A radical $ r $ is called an ideally hereditary radical, or a torsion radical, in the class $ \mathfrak A $ if for any ideal $ I $ of an algebra $ A $ of this class one has $ r ( I) = r ( A) \cap I $. Ideally hereditary radicals are precisely the radicals for which the classes $ {\mathcal R} ( r) $ and $ {\mathcal P} ( r) $ are closed under passing to ideals. A radical $ r $ is called hereditary if the class $ {\mathcal R} ( r) $ is closed under passing to ideals. In the class of associative, and also in that of alternative, algebras, each hereditary radical is torsion. A radical $ r $ is called strictly hereditary if the class $ {\mathcal P} ( r) $ is closed under taking subalgebras.

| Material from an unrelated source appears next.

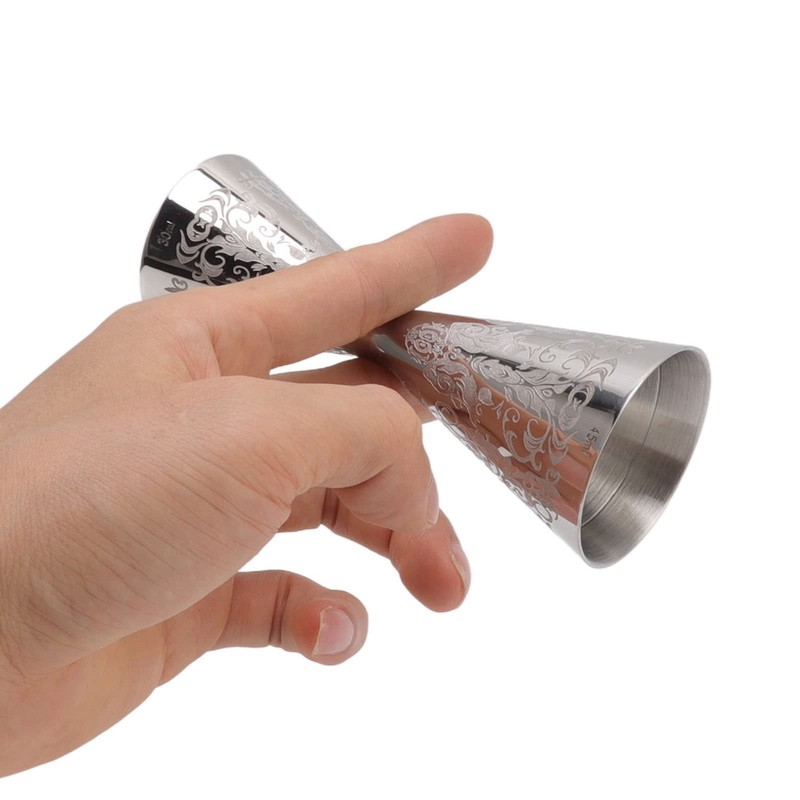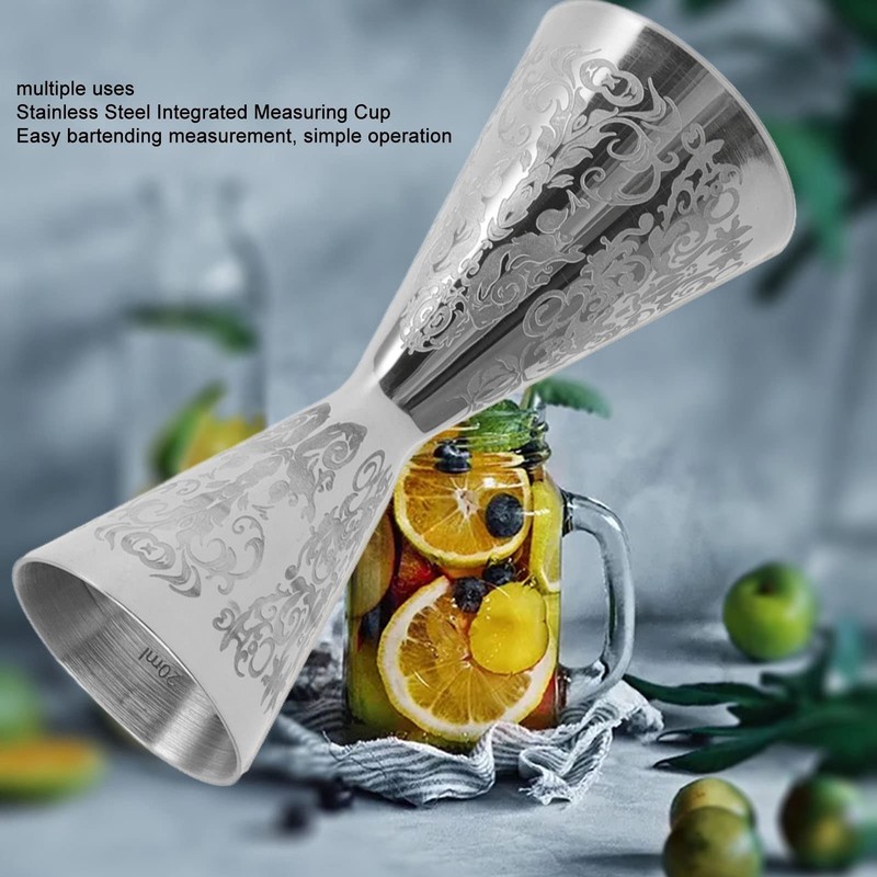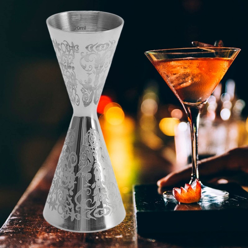 Cocktail Messbecher, 30ml 45ml Edelstahl Doppelbecher Exquisite Gravur Bartender Jigger Ausgießer Messbecher

The class of all torsion radicals is a complete distributive "lattice" (see Distributive lattice). The use of quotation marks here is due to the fact that the collection of elements of this "lattice" is not a set but a class.
In the class of all torsion radicals two opposite subclasses may be distinguished: the class of super-nilpotent torsion radicals, that is, torsion radicals $ r $ such that all algebras with zero multiplication are $ r $- radical, and the class of sub-idempotent torsion radicals, i.e., torsion radicals $ r $ such that all algebras with zero multiplication are $ r $- semi-simple (and all $ r $- radical algebras are idempotent). An important special case of super-nilpotent radicals are the special radicals, i.e., torsion radicals $ r $ such that all $ r $- semi-simple algebras decompose into a subdirect sum of primary $ r $- semi-simple algebras. There are super-nilpotent non-special radicals (see [5], [7]).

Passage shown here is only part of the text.